Huisarts azc wapent zich tegen klacht
Een huisarts uit Renkum die medische zorg aan asielzoekers verleent, stond zaterdag terecht tijdens een zitting van het regionaal tuchtcollege in Zwolle. Hij ontkent dat hij darmkanker bij een inmiddels overleden asielzoeker had moeten onderkennen.
Tegen hem werd een klacht ingediend wegens „slechte” bejegening en behandeling, die het overlijden van een man aan darmkanker tot gevolg had.

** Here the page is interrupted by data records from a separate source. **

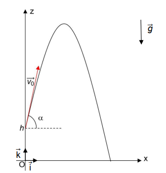 Le joueur tape le ballon et lui communique une vitesse initiale v
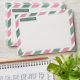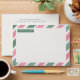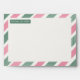 This Christmas envelope design features a sticker-like phrase "Special Delivery" on the front together with pink and green "air mail" stripes around the edge, an editable return address label on the back, and a pastel green lining. Pair this envelope with my holiday card range. Original artwork by Marketa Stengl.
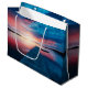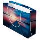 Bolsa de regalo con una preciosa fotografía. Un lugar pintoresco. Un bonito lago tranquilo con un pontón de madera que se extiende hacia el exterior. La puesta de sol aporta hermosos colores al cielo, rojo vivo y azul.
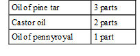 If when you were a child your father held your nose as an inducement for you to open your mouth while your mother poured castor oil down your throat, the odor of the castor oil rising above the odors of the other ingredients will revive sad memories. Indeed it is claimed for this mixture that the dead will rise and flee from its compounded odor as they would flee from eternal torment. It certainly should ward off such little creatures as black flies and mosquitoes.
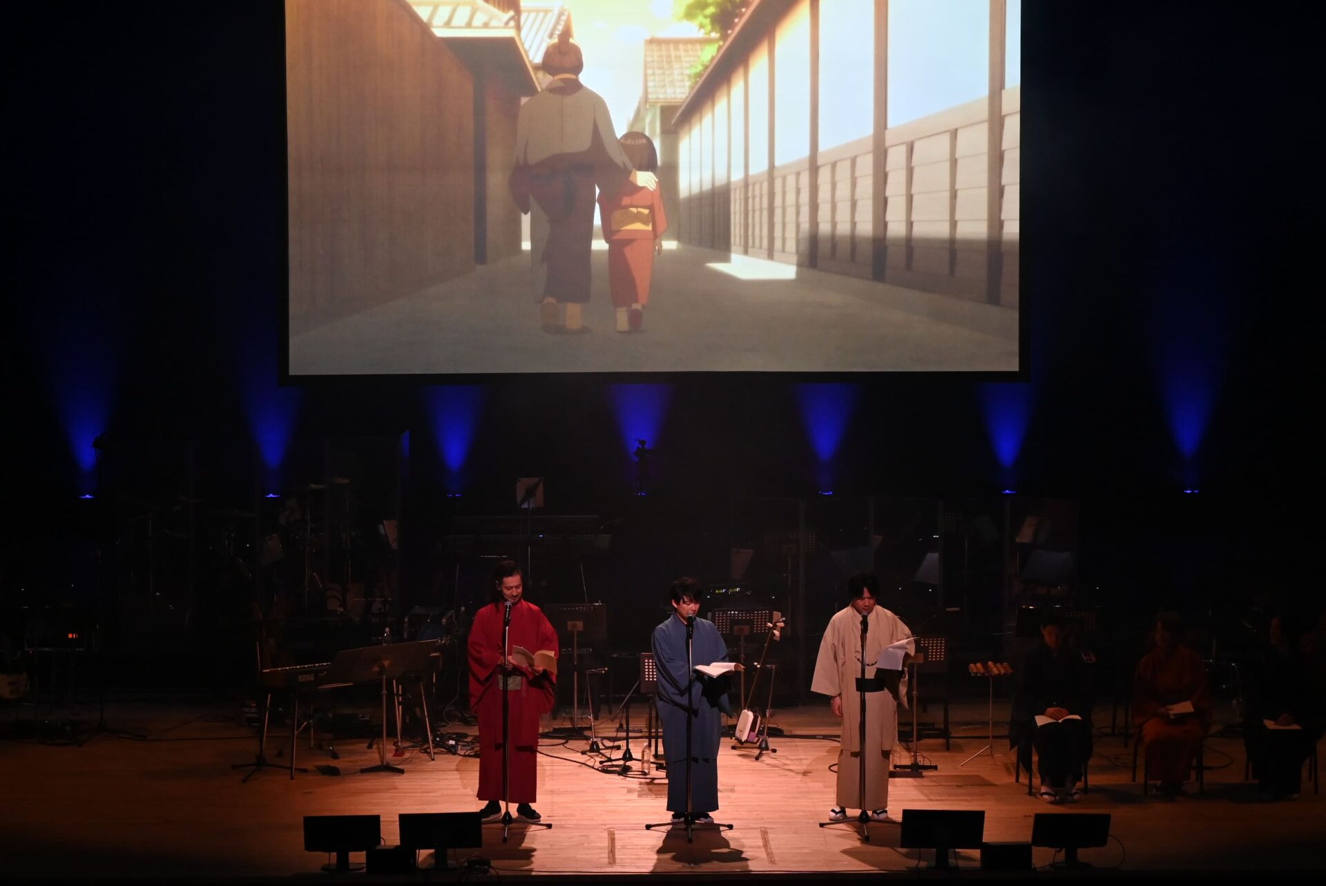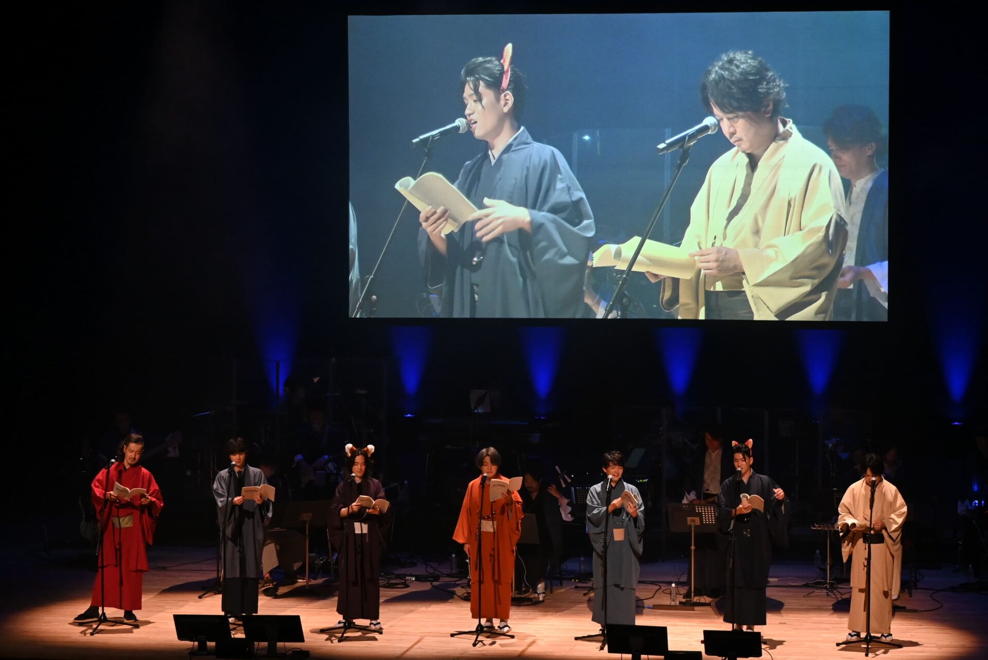 イベント冒頭で披露されたのは、この日のためだけに書き下ろされたオリジナル脚本による朗読劇「青ざめたミブロ」。京の街から大阪へ向かうミブロの7人が珍道中を繰り広げ、最後にはキツネに化かされてしまう、という展開。阿座上、小野、竹内、杉田らがキツネ耳、ネコ耳を付けて芝居をする一幕も。キャスト陣による渾身の芝居と、生演奏が重なってアニメ本編とは一味違ったミブロワールドが展開された。生演奏をした林は「朗読劇での裏での生演奏、ドキドキしました!」とコメント。
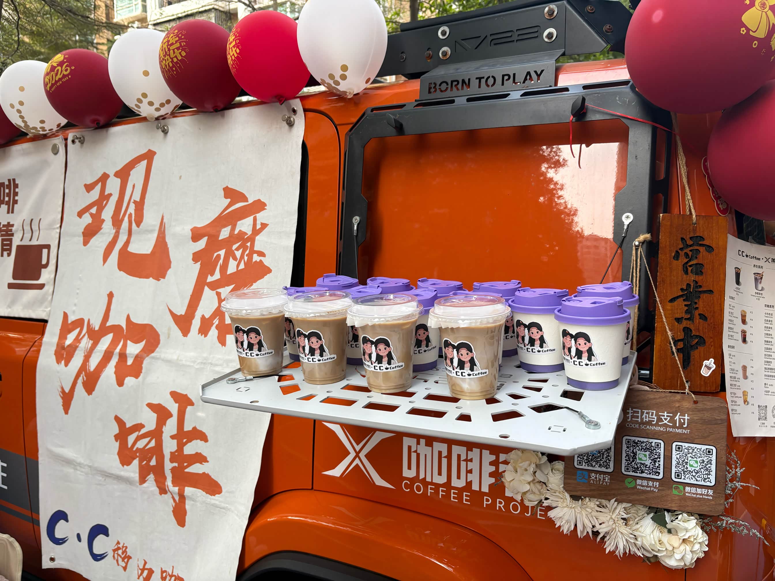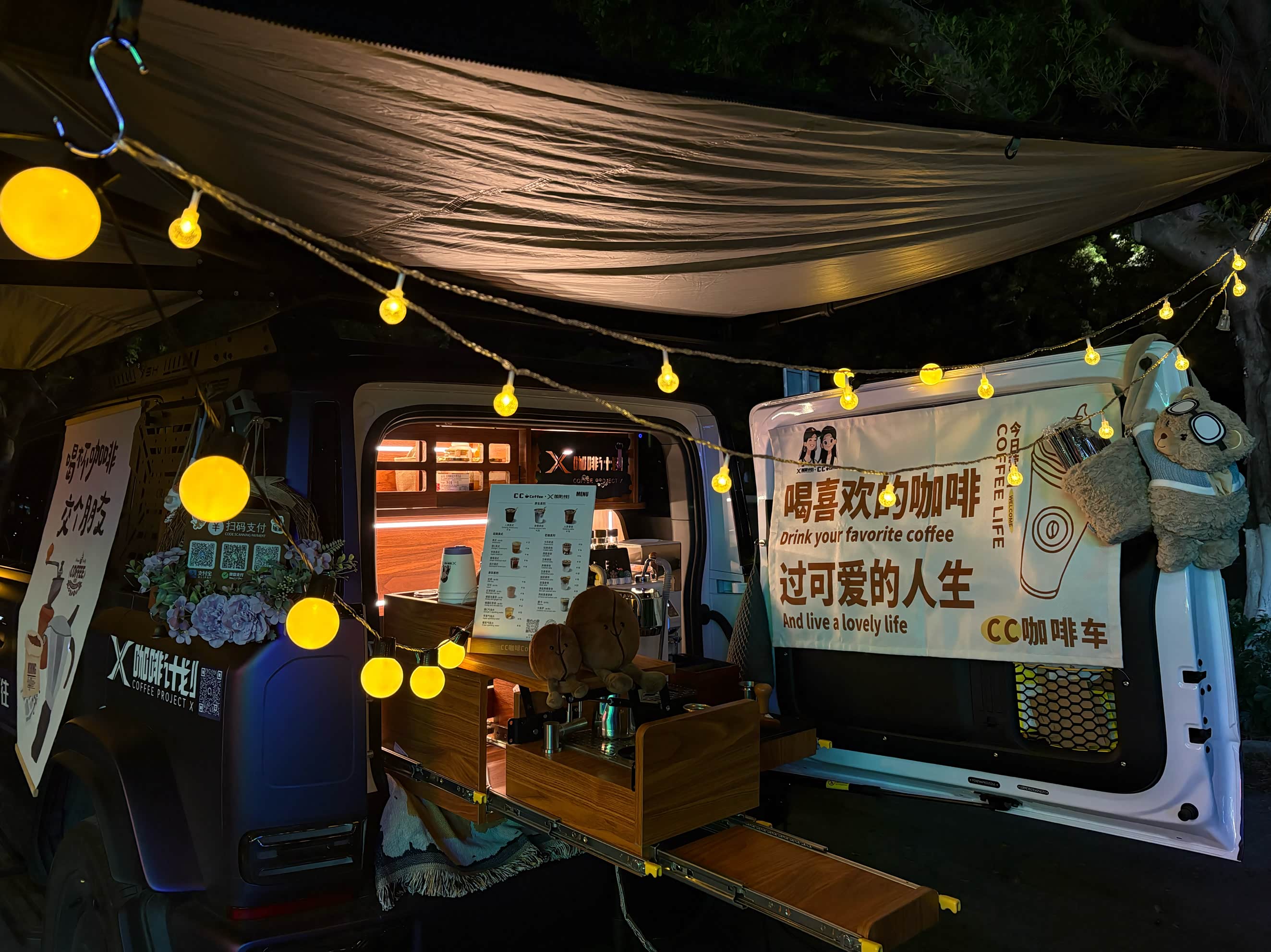 第一次出摊选在小区楼下。早上七点,打开尾门,展开折叠桌板,亮起暖黄串灯,“CC Coffee”的招牌在晨光中亮起——咖啡香漫开的刹那,小区上班的邻居全围了过来。那天我们卖了47杯,手忙脚乱却兴奋异常。
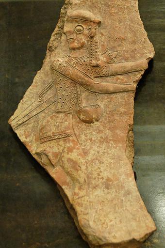 Keywords: Fragment Perseus Louvre CA937.jpg Perseus wearing a hat and the kibisis slung over his shoulder averts his gaze as he kills Medusa Fragment of an orientalizing relief pithos Terracotta with stamped and cut decoration Cycladic artwork ca 670 BC From Thebes Boeotia Persée portant un chapeau avec la kibisis sur l'épaule détourne le regard pendant qu'il tue Méduse Fragment d'un pithos orientalisant à reliefs Terre cuite à décor estampé et incisé art cycladique vers 670 av J -C Provenance Thèbes Béotie dimensions Museum Louvre Department of Greek Etruscan and Roman Antiquities Denon lower ground floor room 1 object history credit line Purchase 1898 accession number CA 937 Jastrow 2007 other versions 7th-century BC reliefs 670s BC pottery 660s BC pottery Perseus and Medusa in sculpture Pithoi Cycladic Orientalizing pottery Greek antiquities in the Louvre - Room 1 Fragments |
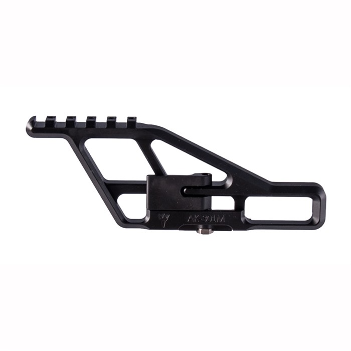 SPECS: 6061 T6 aluminum, matte black Teflon coated finish. Accepts optics with 30mm OD tube. Fits AK and AKM rifles equipped with receiver side mount base dovetail. Base not included.
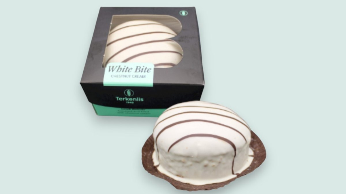 състав: крем от кестени 24%, пшенично брашно, глазура от бял крем 18%, млечни протеини, обезмаслено мляко на прах, емулгатори, ароматизанти, захар, вода, растителни мазнини, яйца, мая за хляб, глазура от какаов крем, какао на прах, ензими, портокалова паста, сол, царевично нишесте, канела
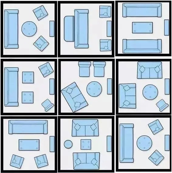 而这种组合,根据客厅户型和大小的不同,布局方式也相应发生变化。
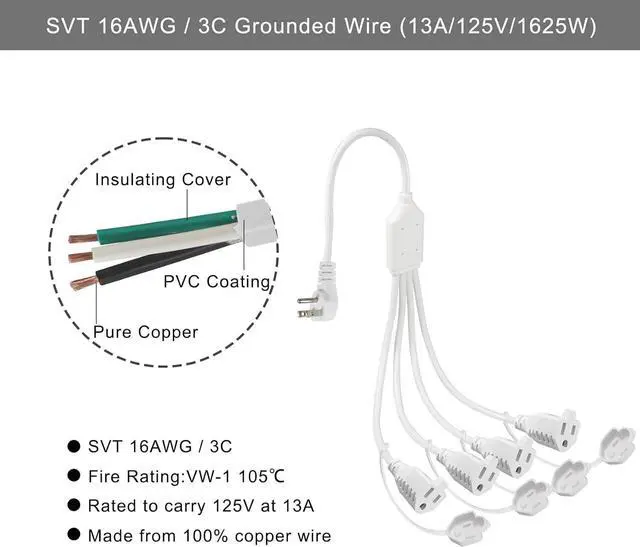 16/3C Gauge Cord Made of WHITE 16/3 gauge upgraded SVT wire, Flexibility, Easy and Convenient. Approved AC 125V / 13 AMP / 1625W power rated; built with all-copper wire, reinforced blades, and double jacketed cords; 16 AWG heavy duty cable allows you to power multiple appliances at the same time
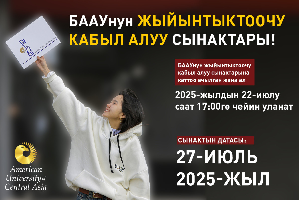 БААУнун жыйынтыктоочу кабыл алуу сынактарына каттоо ачык жана ал 2025-жылдын 22-июлу саат 17:00гө чейин уланат.
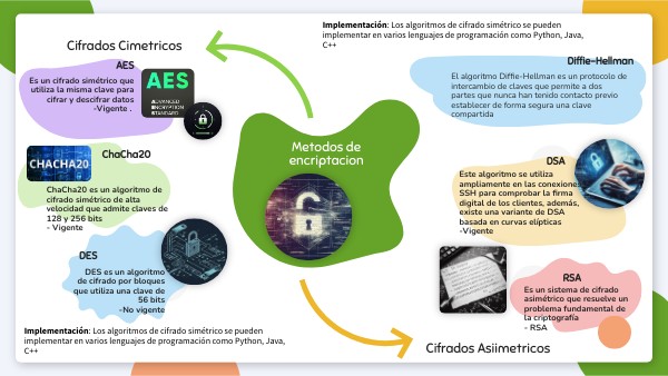 Implementación: Los algoritmos de cifrado simétrico se pueden implementar en varios lenguajes de programación como Python, Java, C++
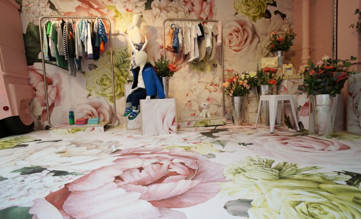 The Chatham-based digital printer covered every surface with a series of floral graphics, creating a bespoke English flower-garden concept, designed by Harrods.
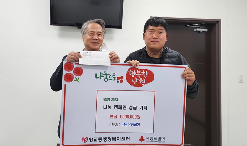 [남원=뉴전북] 연말연초를 맞아 지난 19일 남원 영광교회(목사 박종호)에서 성금 100만원을 희망2023 나눔 캠페인 기탁했다.
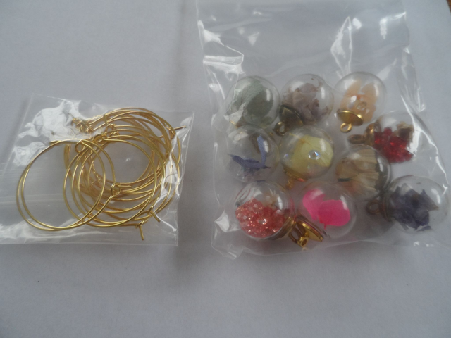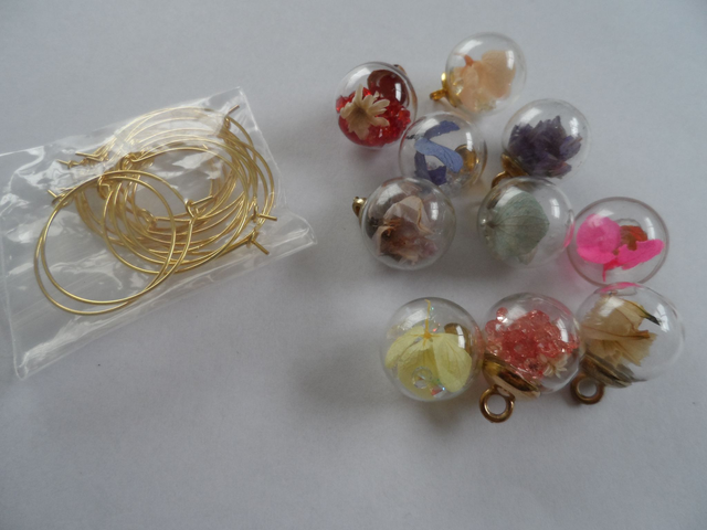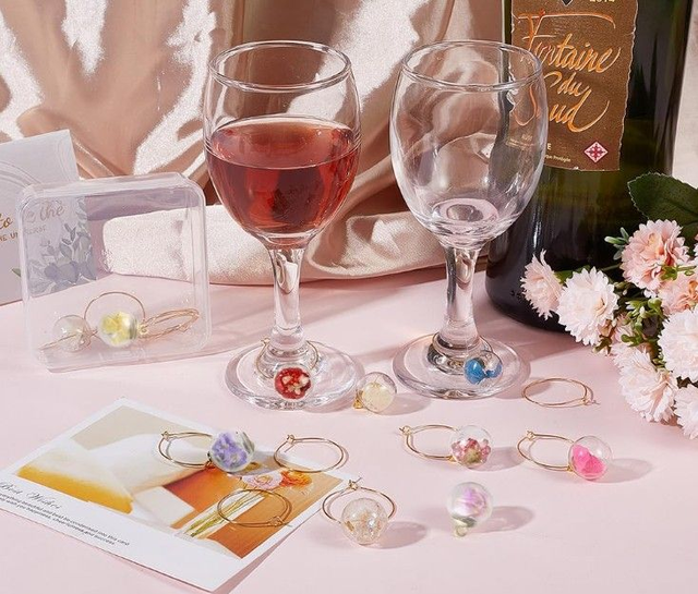 10 breloques en forme de globes de verre de fleurs séchées en 10 couleurs pour Identification des verres à Vin.
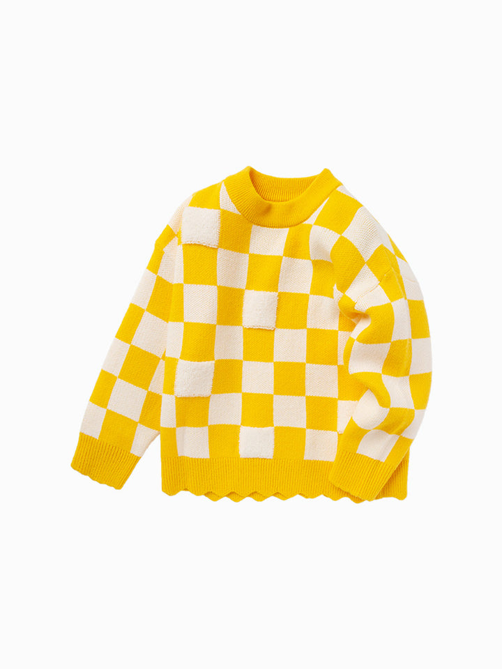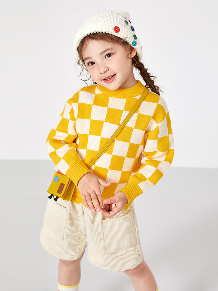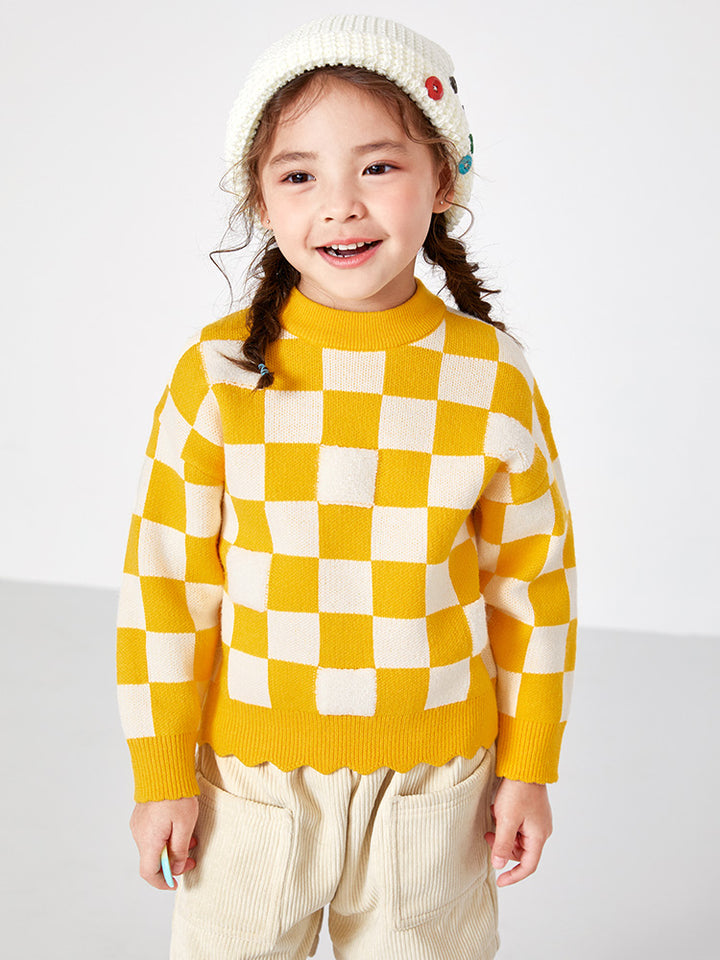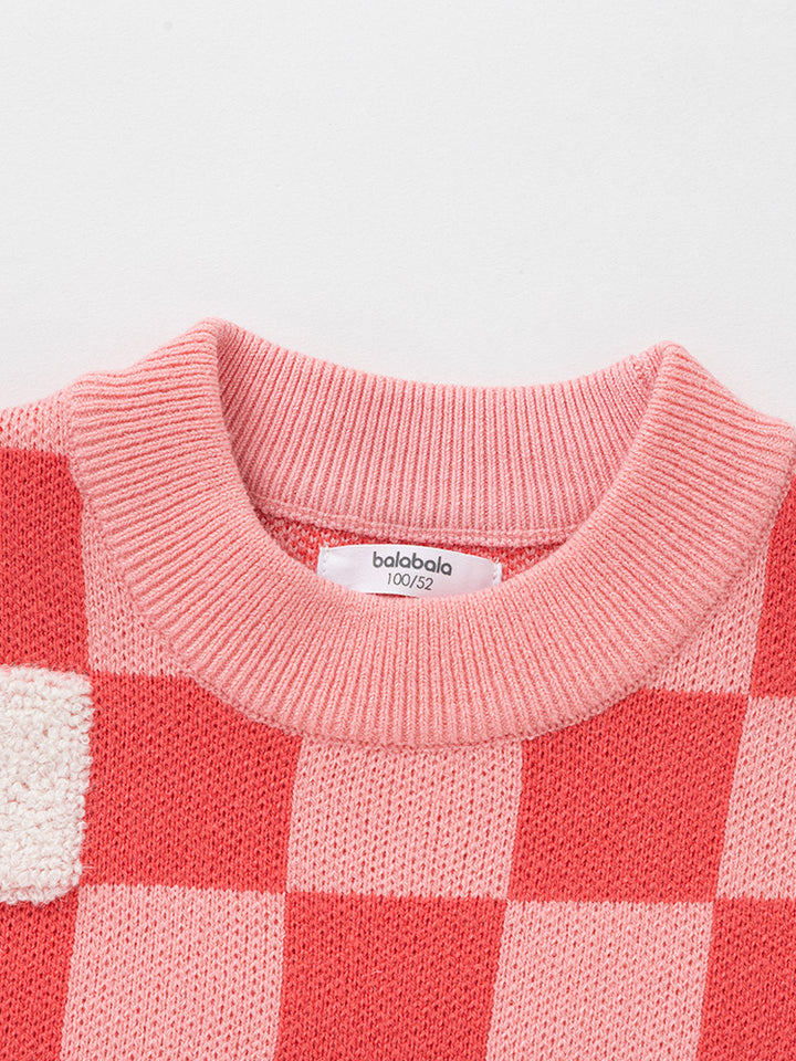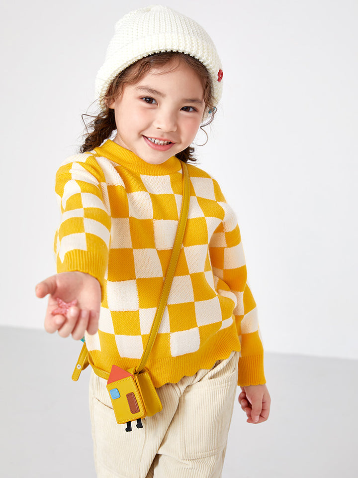 long sleeves girl sweater, in a knitted fabric material, decorated with a printed pattern on full design, comes with a rounded shape neckline
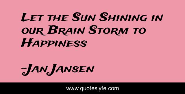 This page presents the quote "Let the Sun Shining in our Brain Storm to Happiness". Author of this quote is Jan Jansen. .

De huisarts meent dat hij op grond van de geuite klachten en inwendig onderzoek tijdens het eerste consult niet kon vermoeden dat er een tumor was. „Het is jammerlijk misgelopen, maar hij heeft niet onverantwoord gehandeld”, aldus zijn raadsman.
De 39-jarige man was pas een paar weken in Nederland toen hij eind 2003 een bezoek bracht aan de huisarts. Hij klaagde over ernstig bloedverlies en een opgezwollen buik en was door de Medische Opvang Asielzoekers (MOA) naar de arts gestuurd.
Er vonden twee consulten plaats. De eerste maal liet de huisarts alleen de klachten vertalen en vond hij verder tolken niet nodig. De keer erop was er helemaal geen tolk geregeld en zei hij tegen de man dat hij een andere keer terug moest komen. Hij maakte geen nieuwe afspraak met de man, noch gaf hij het voorval door aan het MOA.
Pas na een verhuizing -kort erop- naar een ander AZC, werd een andere huisarts bezocht. Die verwees de man naar het ziekenhuis, waar bleek dat de man aan darmkanker leed. Enkele maanden na een operatie overleed hij.
Toen er bij het tweede consult geen tolk aanwezig was werd de broer van de man -die ook tolk is- ingeschakeld. Die zei tegen de huisarts dat hij wel de klachten van zijn zwager wilde vertalen, maar vanwege de familierelatie niet verder zou gaan dan dat. „U kunt ook ad hoc een tolk inschakelen”, gaf hij als advies en hij neemt het de huisarts nu kwalijk dat hij dat niet heeft geprobeerd. „Hij geeft de schuld aan anderen, niet aan zichzelf. Is een mensenleven niet waard om een telefoontje te plegen?”
De vrouw van de overleden echtgenoot vindt dat de huisarts haar man vanwege de slechtecommunicatie had moeten verwijzen naar het ziekenhuis.
Uitspraak 21 juli.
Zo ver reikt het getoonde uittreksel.